Walmart to stop selling handgun ammunition
Walmart says it will discontinue the sale of handgun ammunition and also publicly request that customers refrain from openly carrying firearms in stores even where state laws allow it.
The announcement comes just days after a mass shooting claimed seven lives in Odessa, Texas and follows two other back-to-back shootings last month, one of them at a Walmart store.
The Bentonville, Arkansas-based discounter said Tuesday it will stop selling short-barrel and handgun ammunition, including .223 caliber and 5.56 caliber used in military style weapons, after it runs out of its current inventory. It will also discontinue handgun sales in Alaska, marking its complete exit from handguns and allowing it to focus on hunting rifles and related ammunition only.
“We have a long heritage as a company of serving responsible hunters and sportsmen and women, and we’re going to continue doing so,” according to a memo by Walmart’s CEO Doug McMillon that will be circulated to employees Tuesday afternoon.
Walmart is further requesting that customers refrain from openly carrying firearms at its stores unless they are law enforcement officers. Last month, a gunman entered a Walmart store in El Paso, Texas and killed 22 people using an AK-style firearm that Walmart already bans the sale of. Texas became an open carry state in 2016, allowing people to openly carry firearms in public.
Walmart’s moves will reduce its market share of ammunition from around 20% to a range of about 6% to 9%, according to Tuesday’s memo. About half of its more than 4,000 U.S. stores sell firearms.
The nation’s largest retailer has been facing increasing pressure to change its gun policies by gun control activists, employees and politicians after the El Paso shooting and a second unrelated shooting in Dayton, Ohio that killed nine people. A few days before that, two Walmart workers were killed by another worker at a store in Southaven, Mississippi.
In the aftermath of the El Paso shooting, Walmart ordered workers to remove video game signs and displays that depict violence from stores nationwide. But that fell well short of demands for the retailer to stop selling firearms entirely. Critics have also wanted Walmart to stop supporting politicians backed by the National Rifle Association.
The retailer has long found itself in an awkward spot with its customers and gun enthusiasts. Many of its stores are located in rural areas where hunters are depend on Walmart to get their equipment. Walmart is trying to walk a fine line by trying to embrace its hunting heritage while being a more responsible retailer.
With its new policy on “open carry,” McMillon noted in his memo that individuals have tried to make a statement by carrying weapons into its stores just to frighten workers and customers. But there are well-intentioned customers acting lawfully who have also inadvertently caused a store to be evacuated and local law enforcement to be called to respond.
He says Walmart will continue to treat “law-abiding customers with respect” and it will have a “non-confrontational approach.”
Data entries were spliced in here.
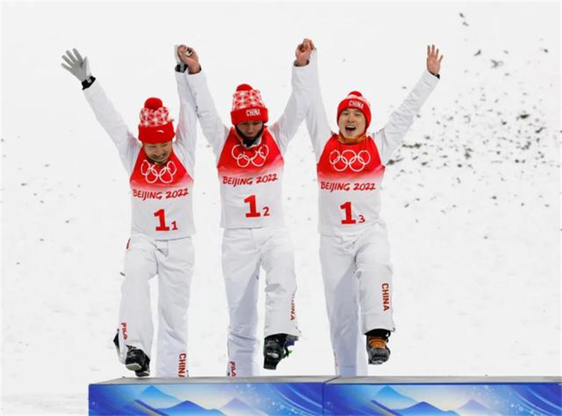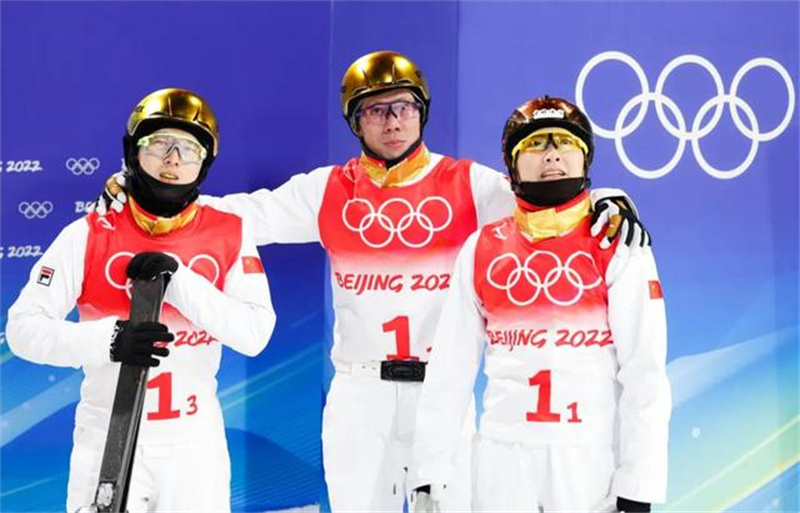 Le 10 février, l'équipe chinoise composée de Jia Zongyang (au milieu), Xu Mengtao (à droite) et Qi Guangpu après la finale de saut acrobatique par équipe mixte en ski acrobatique, dans le Parc de saut acrobatique et bosses de Genting, dans le district de Chongli à Zhangjiakou, dans la province du Hebei (nord de la Chine). (Fei Maohua / Xinhua)
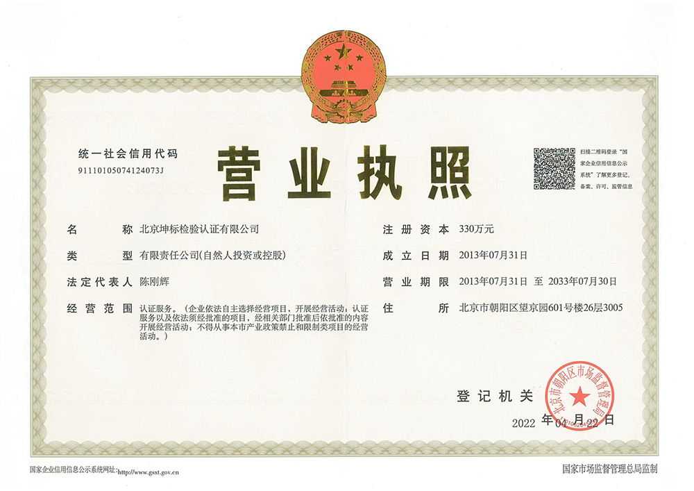 北京坤標(biāo)檢驗認(rèn)證有限公司
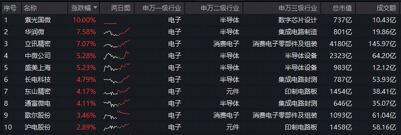 细分方向来看,半导体龙头领涨,紫光国微一字涨停,华润微涨超7%;消费电子龙头方面,立讯精密涨超7%,歌尔股份涨逾3%;PCB(印制电路板)龙头方面,东山精密涨超4%,沪电股份、生益科技涨逾2%。
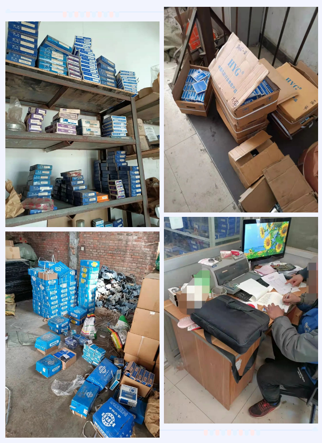 在天津市南開五金城對三家商鋪進行市場巡查,查獲假冒HRB軸承全部由當地市場監督管理局扣押封存,此次行動在當地產生巨大
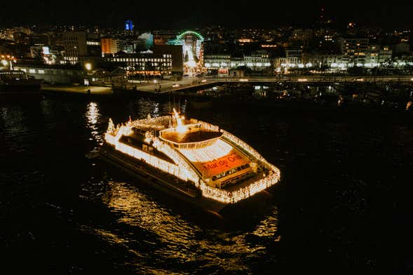 After a welcome cocktail with Christmas music from a DJ to get us in the festive spirit, you'll enjoy a nighttime tour along the Ría de Vigo on a boat completely adorned with Christmas decorations, both inside and out. Get ready to experience the magic of Christmas with tons of colorful lights, Christmas trees, festive carols, and the chance to meet Santa Claus, the Grinch, or the Royal Page of the Three Kings. You're in for many surprises!
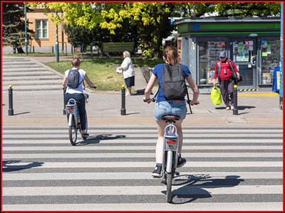3) Czy ta rowerzystka ma obowiązek zejść z roweru i przeprowadzić go przez jezdnię? (pyt. 216)
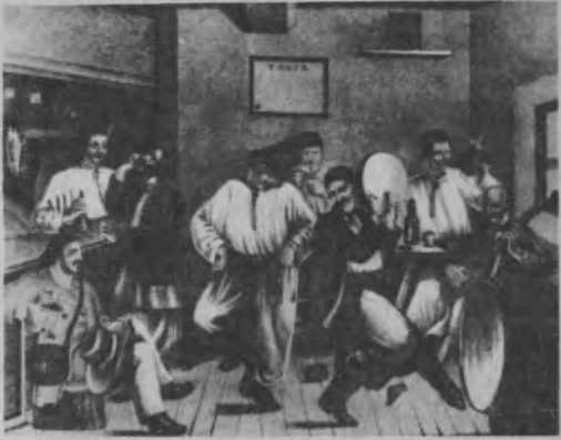 Шгани (перське іштан), гачі. спогіні, шаровари (baQu?ci&ta. ooQu?a t»a), ногавиці (?). Питання про нижню поясну чоловічу одежу, здається, найтяжче в цілій етнографії як українського, так і взагалі слав’янського костюма Назви цієї частини одягу у ріжних слав’янських народів неоднакові і навіть не завше славяиські. За найпоширенішу з-поміж цих назв, здається, треба визнати назву гачі, шо трапляється у сербів, чехів, українців І, мабуть, у поляків (gaci) та у великоросів (переховалося таке слово—гашник), а назви такі, як сподні, порти — у карпатських українців, портяниці. хоч І слав'янські, але не спеціяльні, бо стосуються або до одягу взагалі, або до його матеріялу. На території сучасної України штани, безперечно, були відомі ще за доісторичних часів, наприклад, у скнфів, не кажучи вже про азійські народи, що заселювали її пізніше. Найраніші історичні згадки за цю одежу ми знаходимо в VI столітті у Прокопія, а далі, вже ясніші, в XI столітті в київських та в чеських хроніках. Але ці згадки дають нам тільки право відкинути всякий сумнів щодо ТОГО, чи історичні часи застали вже слав ян у штанях. Чи були вони приналежністю всіх станів суспільства тих часів, ми не знаємо; але щодо віку, то нам відомо, шо не так ще давно,а коло півстоліття тому чи трохи більше хлопці літ до 15-ти, а иноді й до шлюбу, штанів не носили, а ходили в довгих полотняних сорочках, підперезані якою небудь крайкою, а то й просто мотузочком.
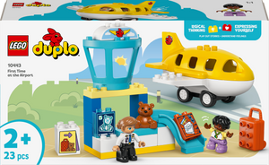This LEGO® DUPLO® airport playset has lots of features to spark imaginary play. It includes a security desk where toddlers can pretend-play scanning the suitcase and pushing it down the chute, an air traffic control tower and a movable airplane toy that fits the teddy, child and pilot figures.

Walmart says it hopes to use its weight to help other retailers by sharing its best practices like software that it uses for background checks. And the company, which in 2015 stopped selling assault rifles like the AR-rifles used in several mass shootings, urged more debate on the reauthorization of the assault weapons ban. McMillon says Walmart will send letters to the White House and the Congressional leadership that calls for action on these “common sense” measures.
“In a complex situation lacking a simple solution, we are trying to take constructive steps to reduce the risk that events like these will happen again,” McMillon wrote in his memo. “The status quo is unacceptable.”
Over the last 15 years, Walmart had expanded beyond its hunting and fishing roots, carrying items like assault rifles in response to increasing demand. But particularly since 2015, often coinciding with major public mass shootings, the company has made moves to curb the sale of ammunition and guns.
Walmart announced in February 2018 that it would no longer sell firearms and ammunition to people younger than 21 and also removed items resembling assault-style rifles from its website. Those moves were prompted by the mass shooting at a high school in Parkland, Florida, that killed 17 people.
In 2015, Walmart stopped selling semi-automatic weapons like the AR-15 style rifle, the type used in the Dayton shooting. The retailer also doesn’t sell large-capacity magazines, handguns (except in Alaska) or bump stocks, nor the AK-style firearm that was used by the El Paso shooter.
In the mid-1990s, Walmart stopped selling handguns with the exception of Alaska.